- What is being asked -
Could you transcribe all the entries exactly, omitting the pictures?

- Entries taken from a collection -

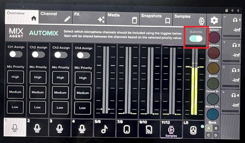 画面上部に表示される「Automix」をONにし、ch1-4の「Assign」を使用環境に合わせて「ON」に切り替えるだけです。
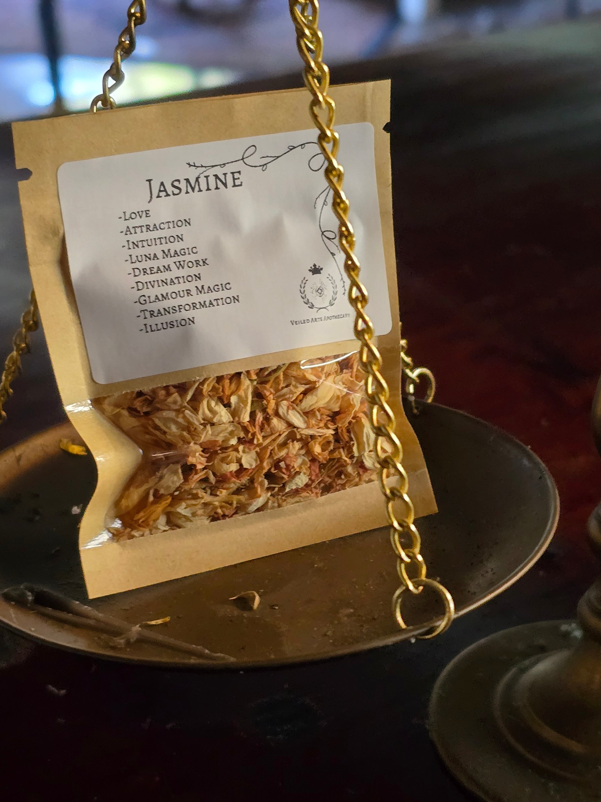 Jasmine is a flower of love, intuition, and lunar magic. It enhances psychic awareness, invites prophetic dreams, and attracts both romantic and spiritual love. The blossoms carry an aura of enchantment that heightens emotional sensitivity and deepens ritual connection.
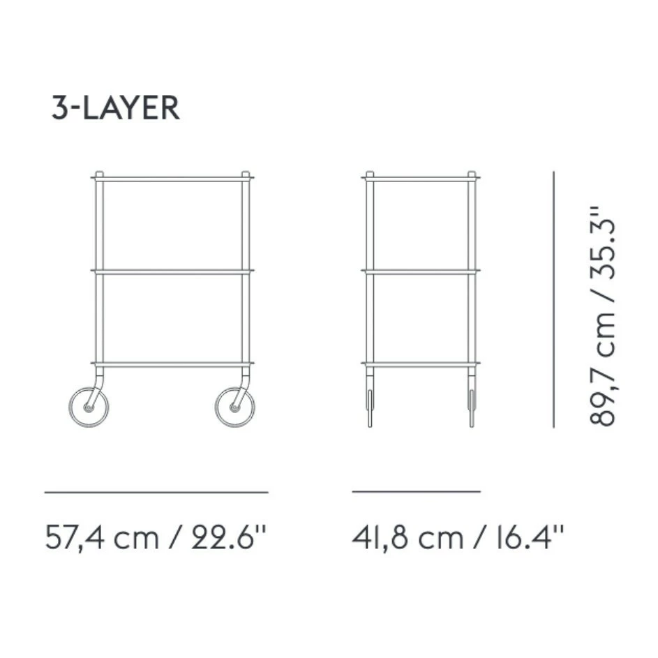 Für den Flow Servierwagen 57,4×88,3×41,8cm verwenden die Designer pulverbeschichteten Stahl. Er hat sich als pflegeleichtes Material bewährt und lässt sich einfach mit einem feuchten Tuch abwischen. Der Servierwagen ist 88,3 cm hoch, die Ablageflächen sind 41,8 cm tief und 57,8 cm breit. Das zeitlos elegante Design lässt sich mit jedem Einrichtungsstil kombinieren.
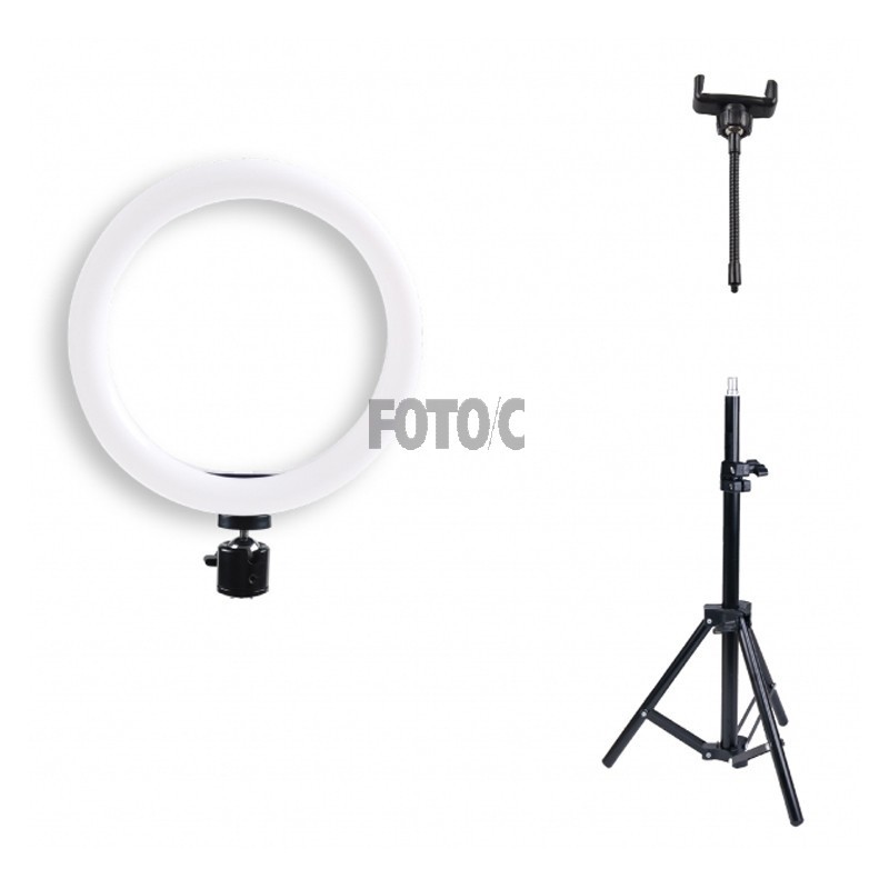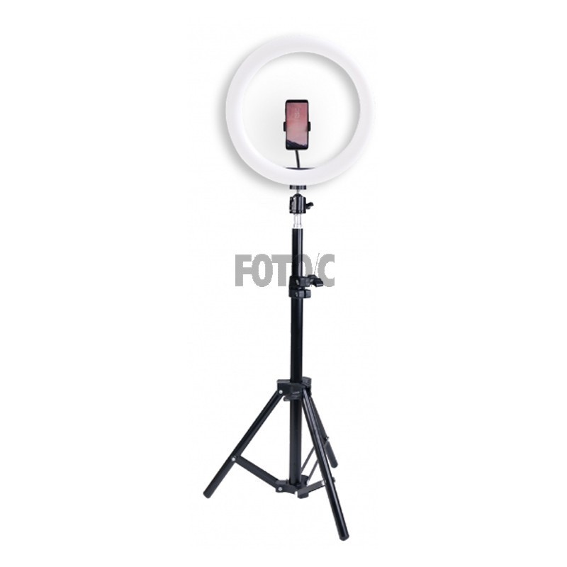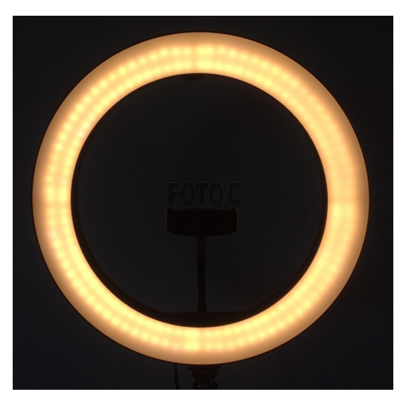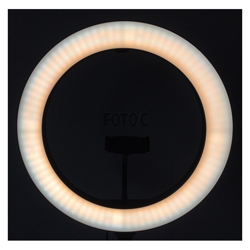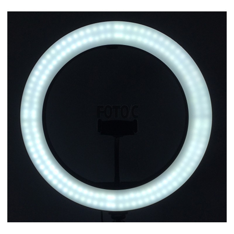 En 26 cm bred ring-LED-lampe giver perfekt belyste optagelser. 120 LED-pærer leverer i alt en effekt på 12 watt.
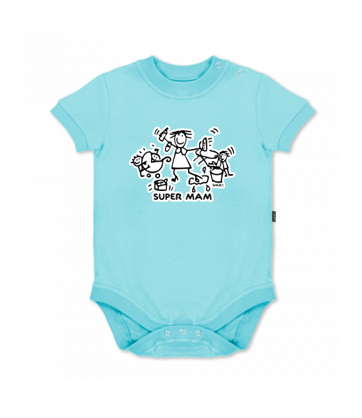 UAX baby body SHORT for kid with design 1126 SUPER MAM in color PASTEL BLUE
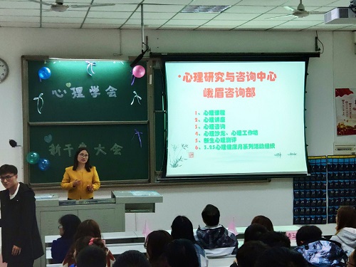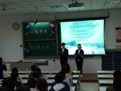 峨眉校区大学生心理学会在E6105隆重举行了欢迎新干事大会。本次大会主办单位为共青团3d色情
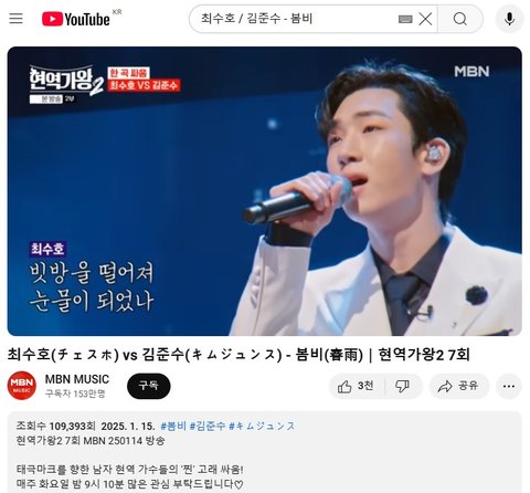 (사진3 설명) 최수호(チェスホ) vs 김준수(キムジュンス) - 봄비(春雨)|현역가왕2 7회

- Result of the exercise -
 画面上部に表示される「Automix」をONにし、ch1-4の「Assign」を使用環境に合わせて「ON」に切り替えるだけです。
 Jasmine is a flower of love, intuition, and lunar magic. It enhances psychic awareness, invites prophetic dreams, and attracts both romantic and spiritual love. The blossoms carry an aura of enchantment that heightens emotional sensitivity and deepens ritual connection.
 Für den Flow Servierwagen 57,4×88,3×41,8cm verwenden die Designer pulverbeschichteten Stahl. Er hat sich als pflegeleichtes Material bewährt und lässt sich einfach mit einem feuchten Tuch abwischen. Der Servierwagen ist 88,3 cm hoch, die Ablageflächen sind 41,8 cm tief und 57,8 cm breit. Das zeitlos elegante Design lässt sich mit jedem Einrichtungsstil kombinieren.
 En 26 cm bred ring-LED-lampe giver perfekt belyste optagelser. 120 LED-pærer leverer i alt en effekt på 12 watt.
 UAX baby body SHORT for kid with design 1126 SUPER MAM in color PASTEL BLUE
 峨眉校区大学生心理学会在E6105隆重举行了欢迎新干事大会。本次大会主办单位为共青团3d色情
 (사진3 설명) 최수호(チェスホ) vs 김준수(キムジュンス) - 봄비(春雨)|현역가왕2 7회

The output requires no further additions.